Information on tobacco use was self-reported by participants and categorized into four groups: non-smokers, former smokers (those who had quit smoking for at least six months), occasional smokers (those who smoked, on average, less than one cigarette per day), and current smokers (those who smoked at least one cigarette per day) [23]. Since occasional smokers accounted for only a small proportion of the sample (4.8%), they were recoded and combined with current smokers for analysis.
Participants were asked to self-report their body weight and height. Body mass index (BMI) was calculated by dividing weight by height squared (kg/m2). According to the WHO classification [24], BMI values were categorized as follows: underweight (<18.5 kg/m2), normal weight (18.5–24.9 kg/m2), overweight (25.0–29.9 kg/m2), and obesity (≥30.0 kg/m2).
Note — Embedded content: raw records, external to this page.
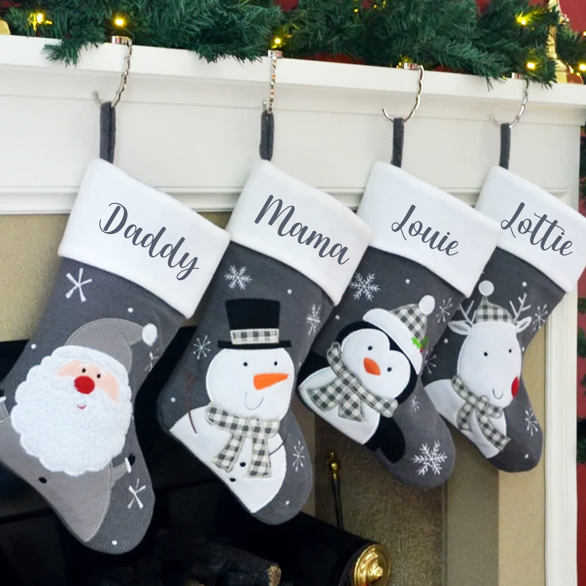 - Grey Christmas stocking - with optional character on front.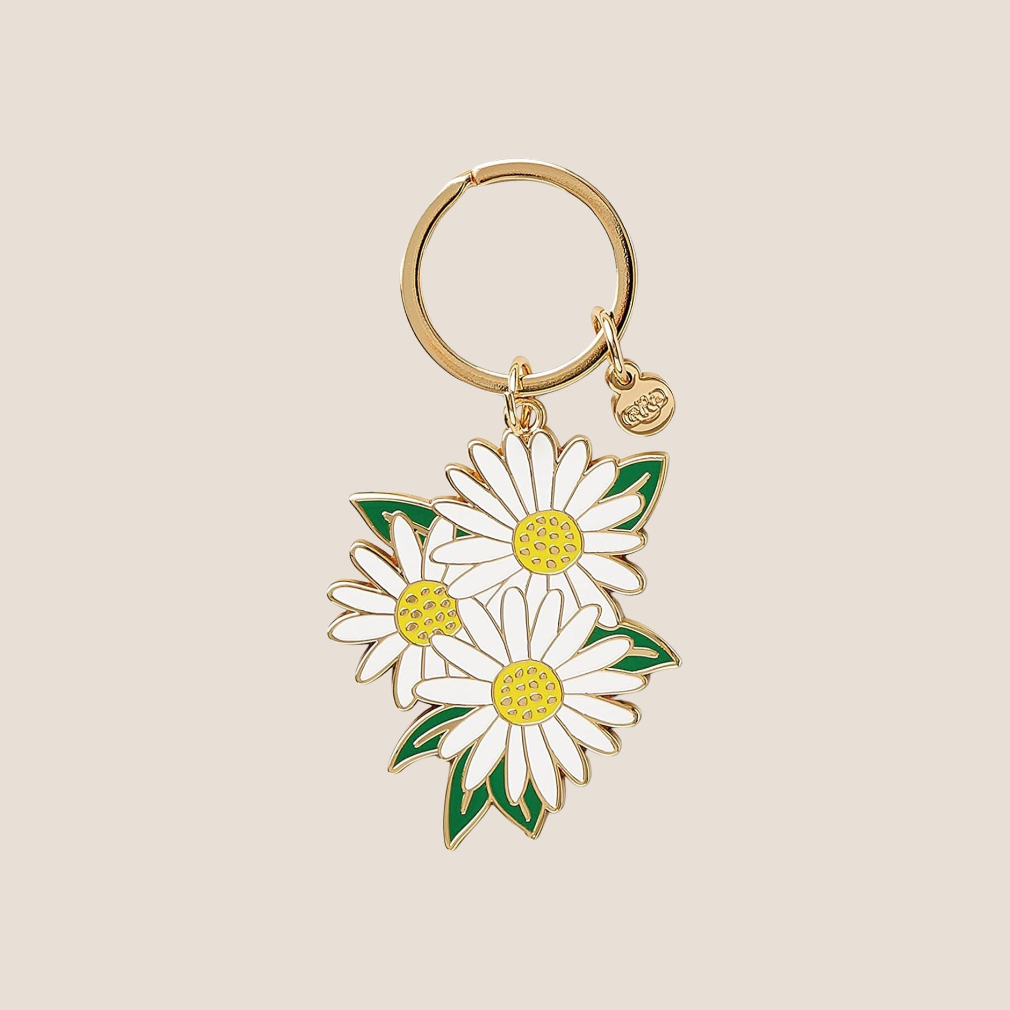 Never leave home without a bouquet of the friendliest flower with the enamel Daisies keychain, featuring a glossy finish and a Rifle Paper Co. charm. DETAILS - 2.4" L × 1.75" W - Zinc alloy with stainless iron keyring - Printed in full color - 1" keyring - Polished enamel with glossy finish.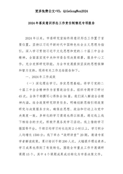 【七哥公文】2025年:2024年落实意识形态工作责任制情况专项报告+更多免费公文+VX:QiGeGongWen2024+更多免费公文+VX:QiGeGongWen2024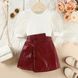 Completo estivo per bambine con top a maniche in rete alla moda per mamma e bambini, top a maniche in rete alla moda, gonna asimmetrica in similpelle, pantaloni, set due pezzi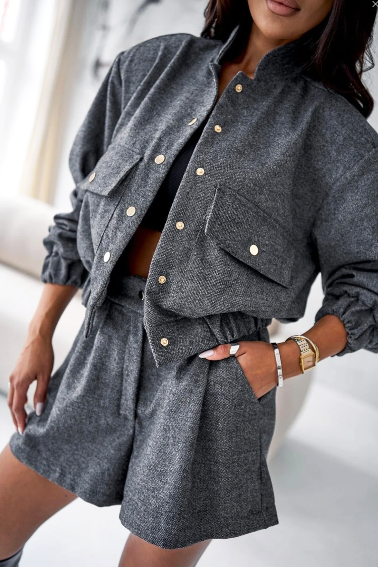 - Το μπουφάν είναι μεταβατικό, με κλασική γραμμή και κουμπιά, ενώ το σορτσάκι έχει κομψό σχεδιασμό και τσέπες.

For analytical purposes, due to the small number of participants classified as underweight (3.5%) they were combined with normal weight individuals as non-overweight. Similarly, obese participants (5.1%) were combined with overweight individuals.

2.4.4. 24 h Dietary Recall

The 24 h dietary recall was conducted using the five-stage multiple-pass method to enhance the completeness and accuracy of dietary reporting [25]. These steps included (1) asking participants to quickly and uninterruptedly report all foods and beverages consumed during the previous day; (2) prompting them with a forgotten foods list to aid in recalling commonly omitted items; (3) inquiring about the time and occasion of consumption for each food item; (4) obtaining a detailed description and estimating portion sizes; and (5) conducting a final probe review to verify and correct any inconsistencies. This standardized approach minimizes underreporting and improves data quality in dietary assessment. Portion sizes were estimated using the Photographic Manual for Food Quantification [26] and the Food Weights and Portions manual [27]. Data on food and beverage intake was then converted into nutrients using the Nutrium® software, which utilizes nutritional information from the food composition tables of Portugal.
UPFs were identified based on the Nova classification system [28]. For each participant, the total calories from UPF and their contribution as a percentage of the total energy intake (TEI) were calculated.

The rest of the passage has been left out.